Twelve of 63 Republicans joined all but one Democrat to oppose the legislation that also has been criticized by GOP Gov. Rick Snyder for budget reasons.

“I’m somebody that does what I say I’m going to do. I had a vast majority of our caucus that wanted this to go up,” Leonard told The Associated Press in an interview at his office after the first House session since the vote. “I promised them they’d have a voice. I knew I would take an immense amount of criticism inside the Lansing bubble for doing this. … I’m proud of the decision that I made. I have no regrets in making it.”

The eyebrow-raising move was unusual in the House because typically when there is insufficient support for a bill in the age of term limits, leadership will clear the voting board and try again later. This vote was official, which means the 12 Republicans are on record as opposing a tax cut.

“I’m one that doesn’t necessarily think a failed vote is a bad thing,” said Leonard, a third-term member from DeWitt. “This was about giving 40 to 45 members in my caucus that wanted this to go up for a vote a voice on something that was very important for them. Once you get outside this Lansing bubble, people view things much differently. … Many of the constituents that I talk to, they just assume that bills go up every day that fail.”

He dismissed the characterization of a deep “51 vs. 12” split in the majority. He said Republicans will unite to soon overwhelmingly approve Senate-passed criminal justice legislation and House bills that would subject the governor’s office and legislators to public records requests.

“The future is bright, and the caucus is ready to tackle big issues,” Leonard said.

Asked if he could try again for an income tax cut, he said “I don’t know.” He said he will keep the measure on the table, noting that a few hesitant Republicans wanted to see how the budget process plays out this spring and that the House GOP would have no “pride in ownership” if senators have other forms of tax relief in mind.

Leonard also disputed speculation that he pushed for the tax reduction so early in the two-year term to aid his potential run for state attorney general in 2018.

“I’ve made clear personally from the day I got elected speaker of the House what my top three priorities were,” he said, citing changes to the teacher retirement system, the mental health system and skilled trades training.

One of the Republicans who opposed the tax cut, freshman Rep. Scott VanSingel of Grant, said he was surprised by the vote and does not anticipate the legislation being revived.

“If you can tell me where we can cut $2 billion out of the budget, I would support the tax cut,” he said. “That question was never answered and until it is there’s at least 12 no votes that are going to stay no.”

VanSingel said of the vote: “I think it was meant to maybe intimidate a couple of us to flip by seeing our name on the board. And that didn’t happen. I really didn’t like being put in that position.” He said he can justify his vote and is not ashamed of it.
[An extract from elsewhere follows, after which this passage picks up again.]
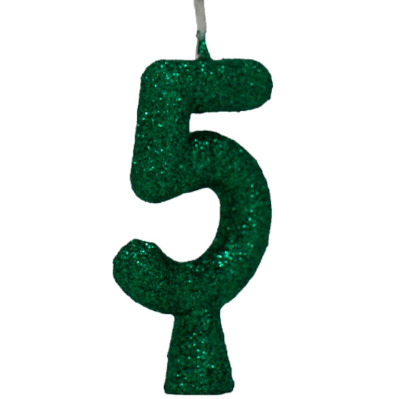 VELA DE ANIVERSÁRIO GLITTER VERDE TUBULAR PREMIUM - N° 5 - COM 01 UNIDADE - BELLO FESTAS - LOJA DO ABENÇOADO

“I’ve been able to go back to my district and explain that vote and I’ve had overwhelming support for the way I voted,” VanSingel said. “But not all of my colleagues will have that same experience. Now they were put in a position of either a yes or a no, having to go back and have some angry constituents over a bill that was going nowhere, that we knew was going nowhere.”

He said he disagrees with Leonard’s strategy but remains “100 percent” behind him and wants to move forward.

Leonard said he thinks lawmakers should be responsive to their constituents and he has “no concerns about members having to be accountable on the votes they take.”